This topic describes database failover functionality for appliances running version 9.0.0 or later. For these appliances, failover is entirely automated except when a service provider appliance shuts down unexpectedly, in which case there is still a manual process.
Note: This topic only applies to appliances running version 9.0.0 or later. For information pertinent to older appliances, see
Database Failover - Legacy Appliances.
Automated Failover
Automated failover functionality includes the following.
- Single datasource connection - All appliances now use a single datasource connection which is proxied through the new pgbouncer service. Pgbouncer is a connection pooler which maintains connections to the underlying postgres databases while providing a single connection point for the appliance services to use. This service also handles all failover and primary migrations; it is updated automatically to point to the new primary database, enabling a seamless transition between primaries.
- Controlled switchover of primary database on appliance shutdown or restart - During any guest-initiated shutdown or restart of the current primary database, the primary role is migrated to the other appliance in the HA pair in a controlled manner. This causes only minor disruption to the functioning of the appliances, primarily impacting desktop connections via the Blast (web) portal. Desktop connections made via the Horizon Client are unaffected. There is also a brief period of horizonadmin unavailability, and users requesting a desktop connection during the switchover might get an error that no desktops are available (but retrying shortly afterwards should allow them to connect to a desktop).
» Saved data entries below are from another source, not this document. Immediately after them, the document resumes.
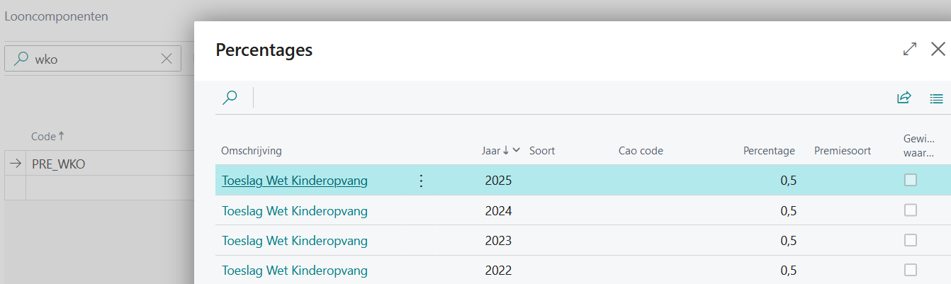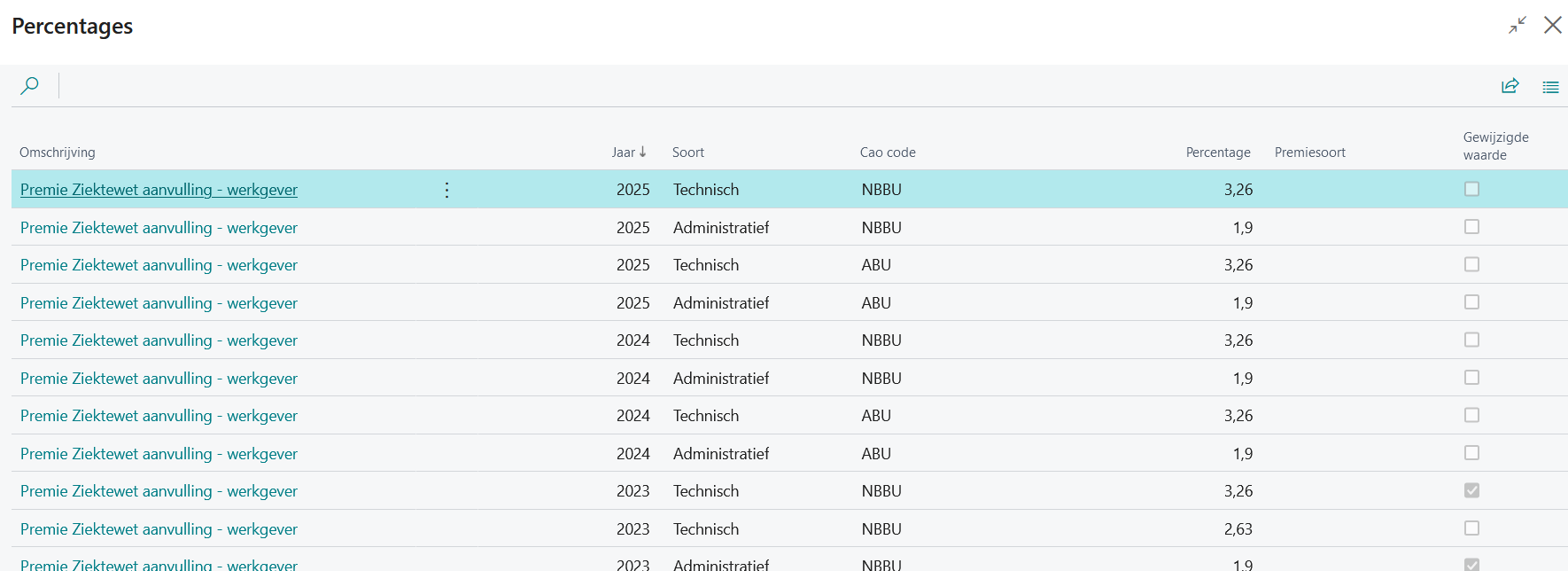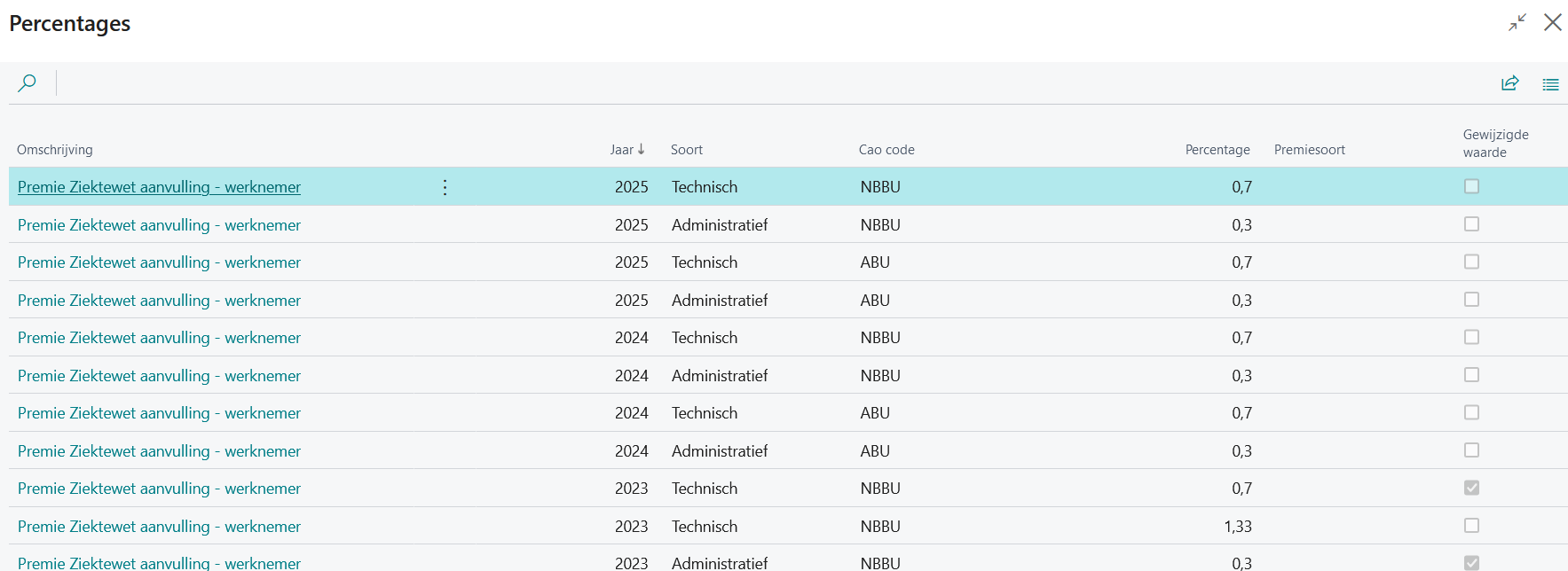 De maximumpercentages die voor deze verzekering c.q. voorziening op het feitelijk loon van de uitzendkracht mogen worden ingehouden, zijn per 1 juli 2023 gewijzigd. De pagina Percentages bevat voor 2023 daarom voor zowel Administratief als Technisch 2 percentages. In de regel met het percentage per 1 juli 2023 is de optie Gewijzigde waarde aangevinkt.
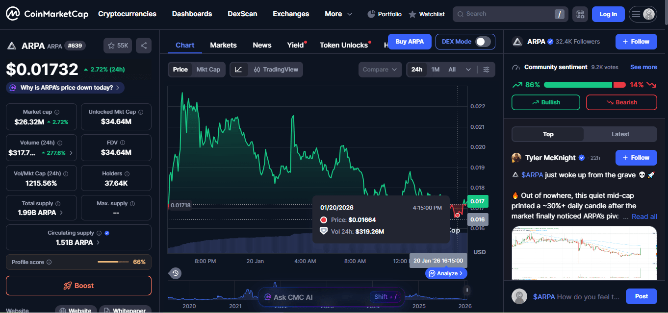 Wolumen ARPA wzrósł w niebo, sygnalizując silne gromadzenie przez wieloryby, które ignoruje szerszy makro strach. To klasyczny "lot w kierunku zmienności", gdzie traderzy poszukują zysku z dala od stagnujących głównych kryptowalut.
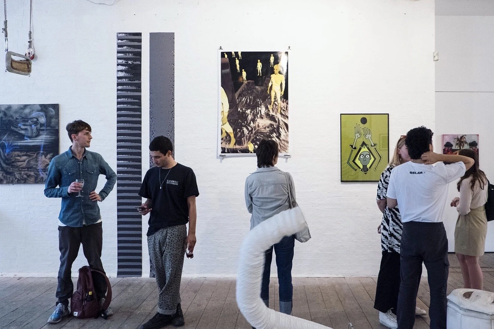 'Murmurations' presented works by a group of 60 emerging artists and recent graduates from different universities. The exhibition refers to the phenomena of ornithological murmurations; like flocks of starlings, the artists involved in this exhibition have successfully created a support network for one another which will continue to grow and evolve. The overall objective is to provide and expand this network through a series of exciting experimental exhibitions and events in London. The opening event on Friday 30 AUG 2019 was curated over 3 floors of a Victorian warehouse space in Central London. The large space offered an exciting experimental environment for mixed media, film screenings, live performances, installation art, and music.
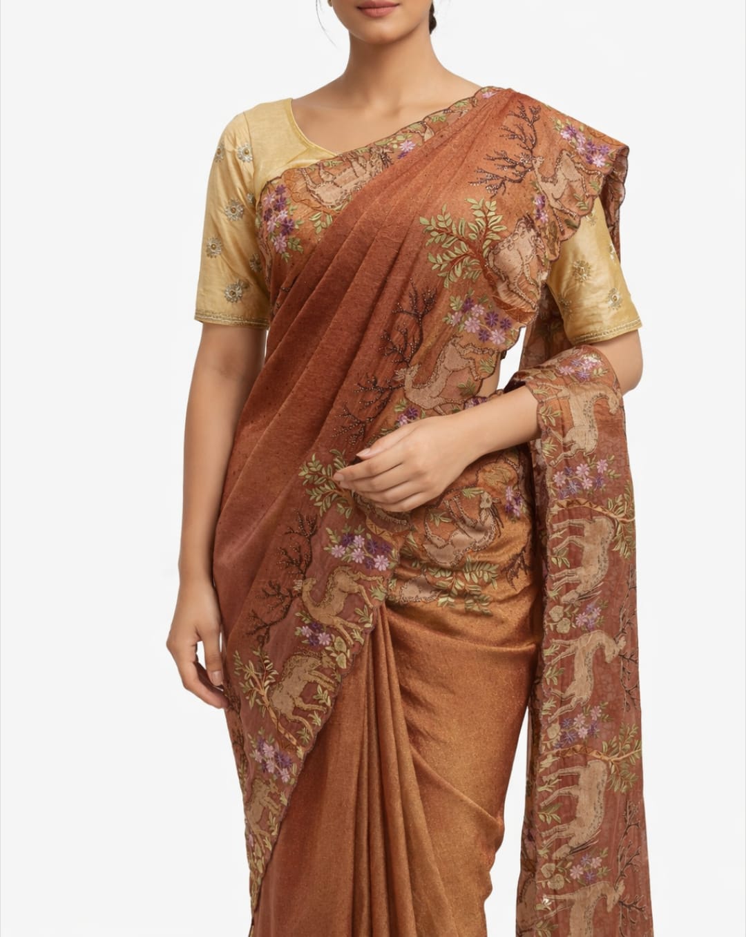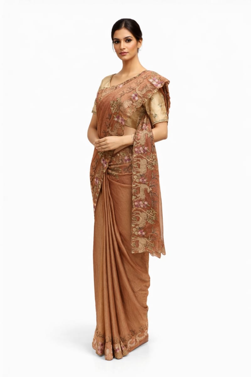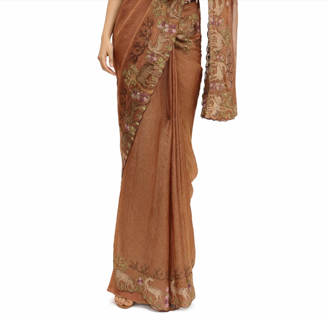 Artistic Deer Motif on Brown Embroidered Chiffon Saree
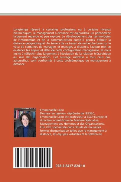 Longtemps réservé à certaines professions ou à certains niveaux hiérarchiques, le management à distance est aujourd'hui un phénomène largement répandu et peu exploré. Le développement des technologies de l'information et de la communication aurait-il permis d'abolir la distance géographique? Au travers de ce travail de recherche basé sur le vécu de centaines de managers et managés à distance, l'auteur met en évidence les enjeux et défis de cette configuration managériale, et nous incite à réfléchir plus largement à l'évolution de la relation hiérarchique au sein des organisations. Cet ouvrage s'adresse à tous ceux qui, aujourd'hui, sont confrontés à cette problématique du management à distance.
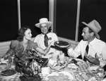 Dinner at Shady Oak Farm for Westerner personnel. Amon Carter (center), a man and a woman are seated at a dinner table. The woman at the left is passing a plate of food to the man.
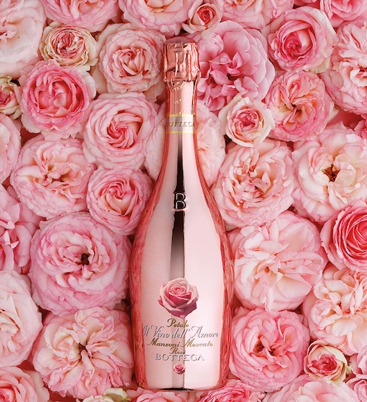 La bottiglia di colore rosa acceso viene realizzata con un esclusivo procedimento di metallizzazione della superficie esterna del vetro e rientra a pieno titolo nella collezione degli spumanti Bottega. L’etichetta, che raffigura una rosa in piena fioritura, evoca l’aromaticità del vino.
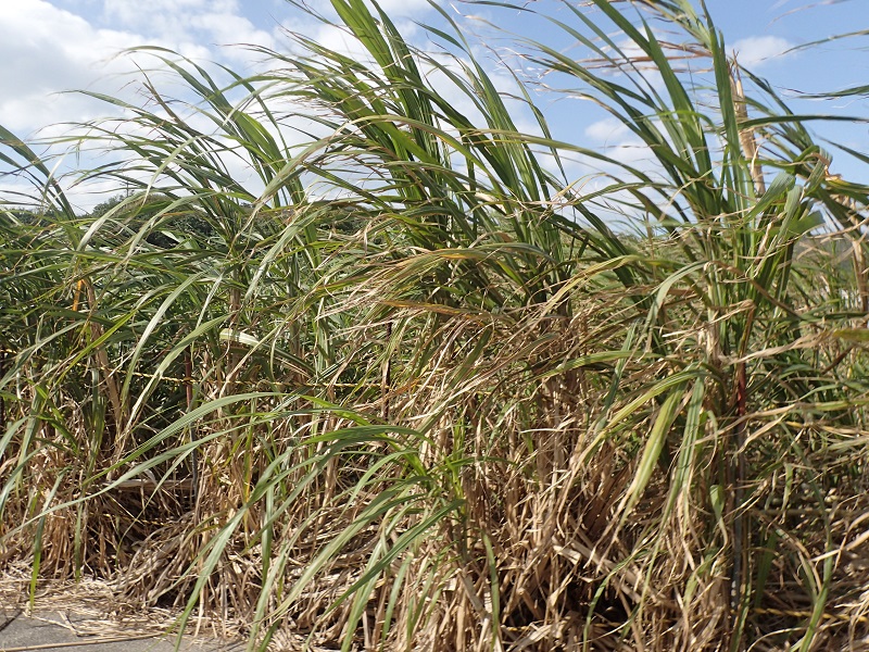 集落の散策の途中には、サトウキビ畑や、
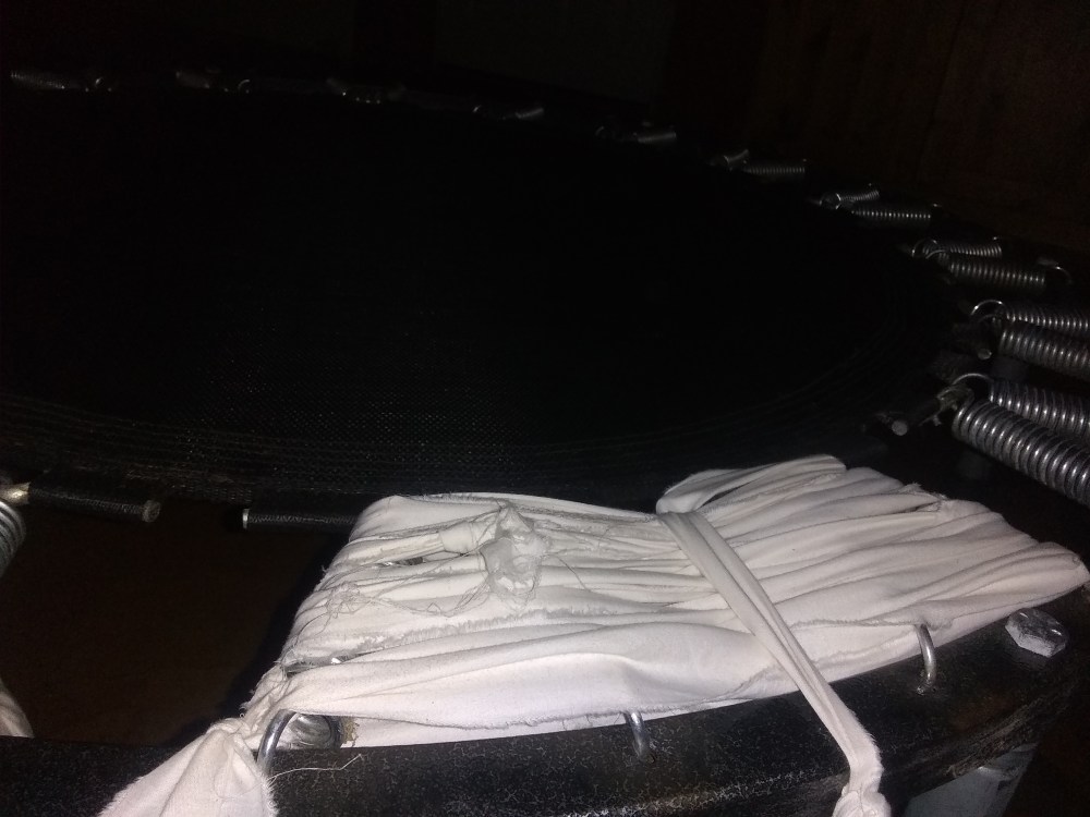 I am doing a lot of crafty things, as I am finishing the renovation aspect of mold remediation in my younger children’s room. Above, is our sanitized trampoline, that I removed the ripped cover off of and am slowly transforming into a hopefully-beautiful play piece for their room.
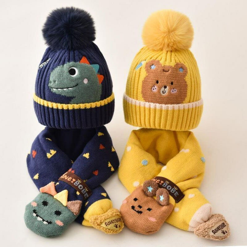 マフラー 帽子 2点セット ニット キッズ 女の子 男の子 ベビー 秋冬 防風 防寒 男児 女児 子供 通園 通学 手洗い 動物柄 暖かい 可愛い 短納期
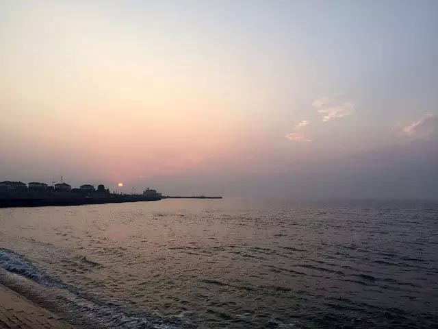 8月14日,凌晨4点30,我们硬着头皮起床去看日出,这是这一趟最大的愿望,谁也没赖床,利利索索地走到海岸,这时候已经有很多人等在那里了。
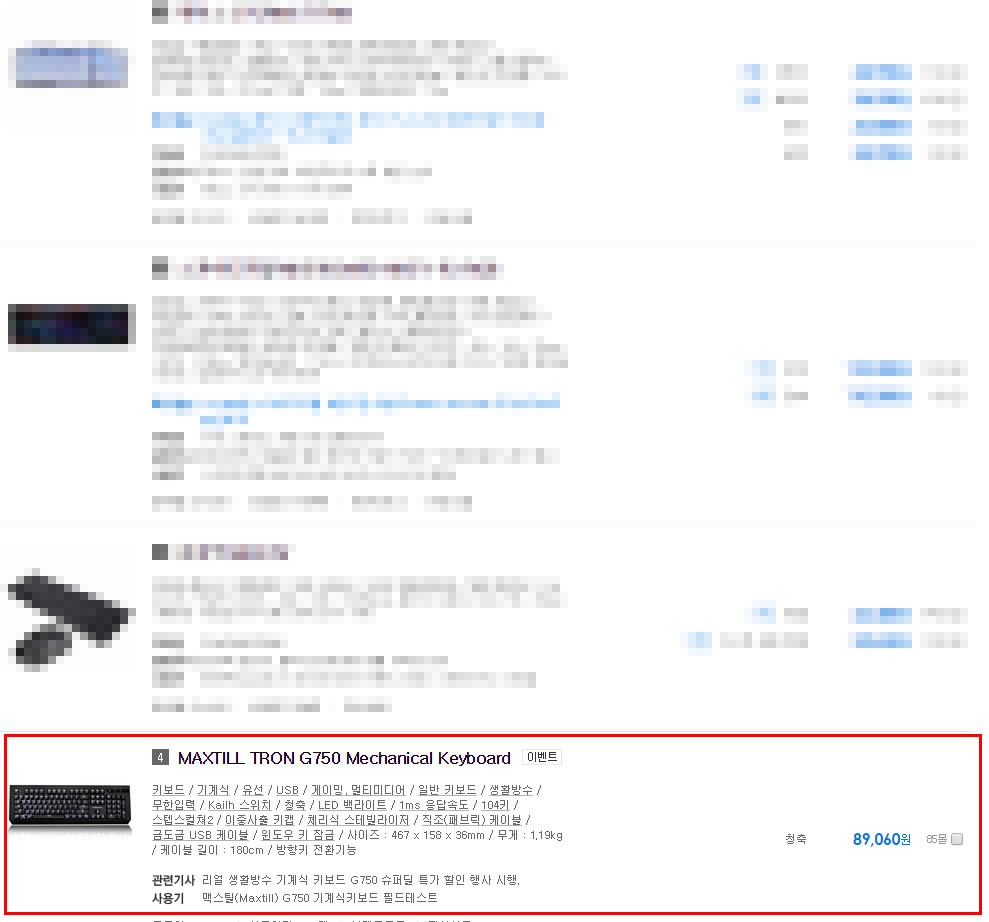 현재 TRON G750 키보드는 다나와 인기 순위 4위에 랭크 되어 있습니다. 비교적 높은 순위라 여겨지는데, 제가 직접 사용해보니 가격적으로나 기능적으로 매력이 있는 키보드라 생각 되었습니다.
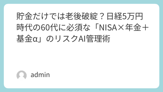 65歳以降の再就職が厳しい現実から逆算し、個人事業主・年金・NISAを組み合わせた収入設計を解説。老後資金2,000万円問題と社会保険料の不安を構造で解決。
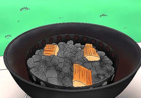 Fill the tray right above the burner with wood. Use wood chips, sawdust, or actual chunks of wood. Don’t overfill the tray so that wood pieces are falling out of the pan; you want the wood to come up to just below the rim of the tray.

- Auto failover of primary database for unexpected failure of tenant appliance - Primary failures are now automatically detected, followed by a request to the service provider appliances to verify that the appliance is actually down. The failover process is then initiated after a three minute delay. This new failover process is less disruptive than past failover processes, and leaves the slony cluster in a normal replicating state afterwards – no slony reinit is required after a failover occurs.
These features are supported by the services described below.
Service | Description | Log location | Notes |
---|---|---|---|
Pgbouncer | Connection pooler that brokers database connections between the platform services and postgres. | /var/log/pgbouncer/ |
|
Dbmonitor | Monitoring service that does the following:
|
/var/log/dbmonitor/ | |
Switchover | Script runs on shutdown to perform switchover action. | /var/log/desktone/slony-services | |
Resubscribe | Script runs on startup to perform resubscribe action. | /var/log/desktone/slony-services |
Manual Failover of Service Provider Appliance
If a service provider appliance has an unexpected shutdown, you can conduct a manual failover by performing the steps below on the other service provider appliance.
- Run the failover-slony-master script (located in /usr/local/desktone/scripts/) as root:
failover-slony-master <database type> '<database password>'
where <database type> is fdb, edb, or avdb. - Confirm that the pgbouncer.ini file is pointing to the front-end IP address of the current appliance:
/usr/local/desktone/scripts# grep '<IP address>' /etc/pgbouncer/pgbouncer.ini
- Reload the pgbouncer service:
service pgbouncer reload
- Confirm primary status and replication by running slony-status:
/usr/local/desktone/scripts# slony-status <org #>